Large language transformer models can constantly benefit from larger architectures and increasing amounts of data. Since 2018, larger language models like BERT and its variants GPT-2 and GPT-3 have shown that a wide range of tasks can be performed using hit learning. Models such as Microsoft and NVIDIA’s Megatron-Turing natural language generation, which had 530 billion parameters, the general purpose language model (GLAM) full version, which contained 1.2 trillion parameters, TheMDA or Language models for dialog applications that had 137 billion parameters; and Gopher, which had 280 billion parameters, have stood out in recent years just for their size. Has the desire to build bigger and bigger models become a blind race?
A new paper published by Google AI does not agree with this assumption. The results of the study reiterate that larger models have more efficient sampling than smaller models because they better apply transfer learning. And with that, the team announced Palm or Pathways Language Model, a Transformer model of 540 billion parameters, decoder only.
Last year in October, Google’s research team presented a new AI architecture that could work like a human brain. Traditionally, an AI model can only be trained to specialize in a single task. With Pathways, a single AI model can be generalized to a million different tasks. Pathways also allow the model to learn new tasks more quickly. Most models can only perform one modality: they can process images, text or speech. Journey would work in such a way that an AI model could perform tasks in all modalities.
Instead of “dense” models that normally use their entire neural network to accomplish a task, the Pathways architecture has learned to route its tasks only to the part of the network that is relevant to the task. This makes the model more energy efficient and gives it more bandwidth to learn new tasks.
PaLM has been trained on hundreds of tasks involving language comprehension and generation using the Pathways system.
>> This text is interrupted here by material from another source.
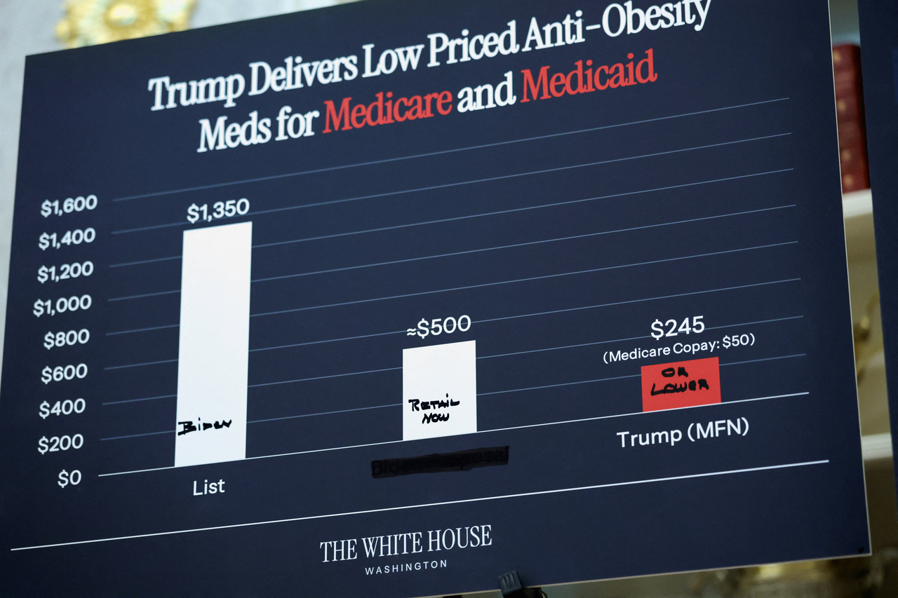 트럼프 대통령은 “일라이 일리와 노보 노디스크는 비만 치료약을 ‘최혜국 국가’ 기준으로 미국 환자에게 제공하기로 했다”며 “위고비 가격은 월 1350달러(약 188만원)에서 250달러(약 35만원)로, 젭바운드는 월 1080달러(약 150만원)에서 346달러(약 50만원)로 내려갈 것”이라고 밝혔다.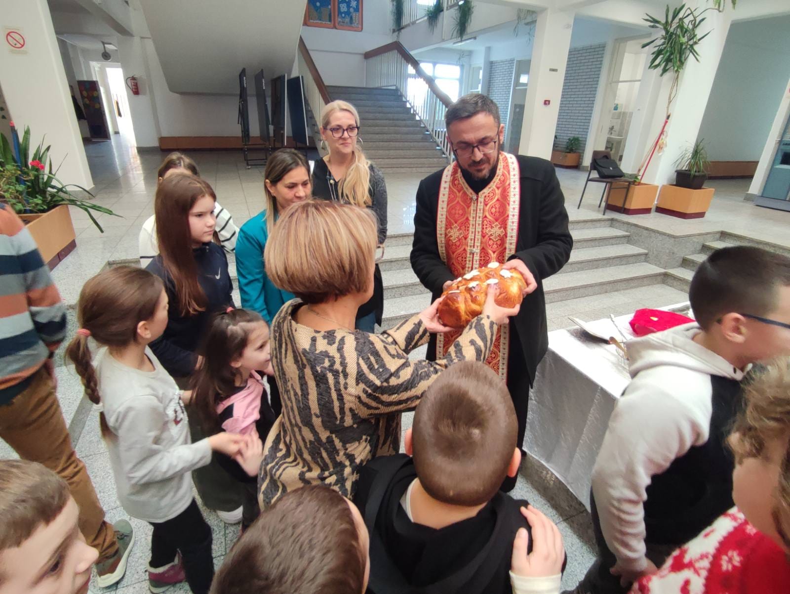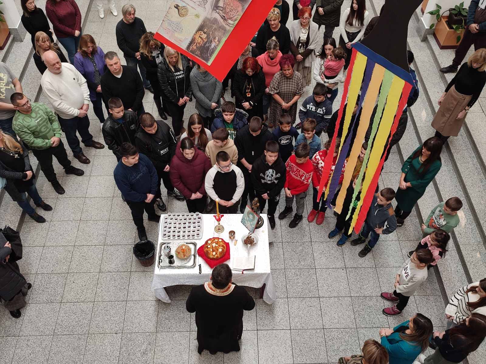 У присуству свештеника, ученика и родитеља уследило је традиционално резање славског колача. Свечар ове године била је наставница енглеског језика, Марија Маринковић.

It is also the first time the Pathways system has been used to train a large-scale model that could scale 6144-chip training. This is the largest TPU-based setup that has been used in training. Compared to previous large language models such as GLaM and LaMDA which were trained on a single TPU v3 pod, PaLM used data parallelism to train on two Cloud TPU v4 pods.
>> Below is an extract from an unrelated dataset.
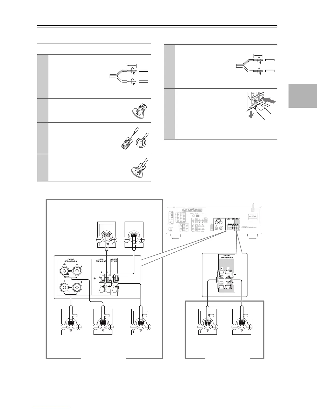 The following illustration shows which speaker should be connected to each pair of terminals.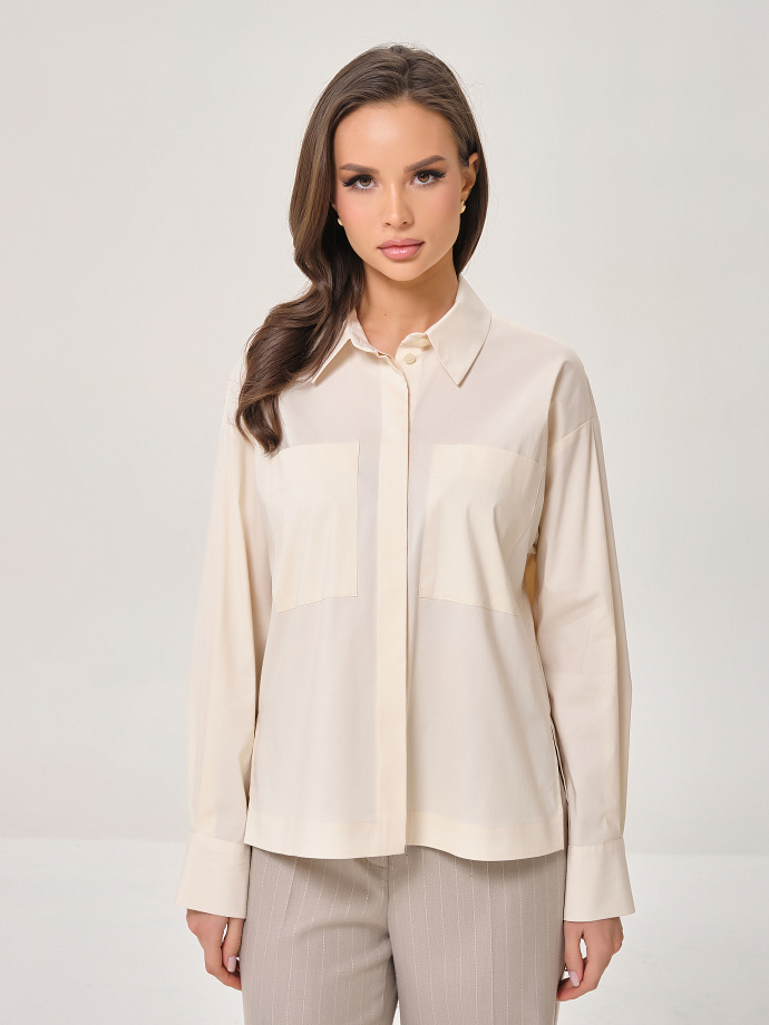 Модель прямого силуэта, со спущенным плечом и фигурной линией низа. Спереди потайная застёжка на петли и пуговицы и накладные карманы. Спинка с кокеткой, рельефами и горизонтальным подрезом. Под кокеткой складка. Воротник сорочечный. По низу рукава защипы, планка и манжета, которые застёгиваются на пуговицы. В боковых швах разрезы. Блузка декорирована отделочными строчками.

The model was trained on English language and multilingual datasets including web documents, books, Wikipedia, GitHub code and conversations. In addition to this, the team also maintained a “lossless” vocabulary which stored all white space documents with respect to encoding and split non-vocabulary Unicode characters into bytes and numbers into digits.
Language understanding and generation: PaLM was tested on 29 of the most commonly used standard NLP tasks in English and outperformed its predecessors on 28 of those tasks. These tasks included sentence completion, Winograd-style tasks that involve natural language reasoning, reading, comprehension, and inference tasks. PaLM also performed well in multilingual NLP tests despite only being trained on 22% of non-English text.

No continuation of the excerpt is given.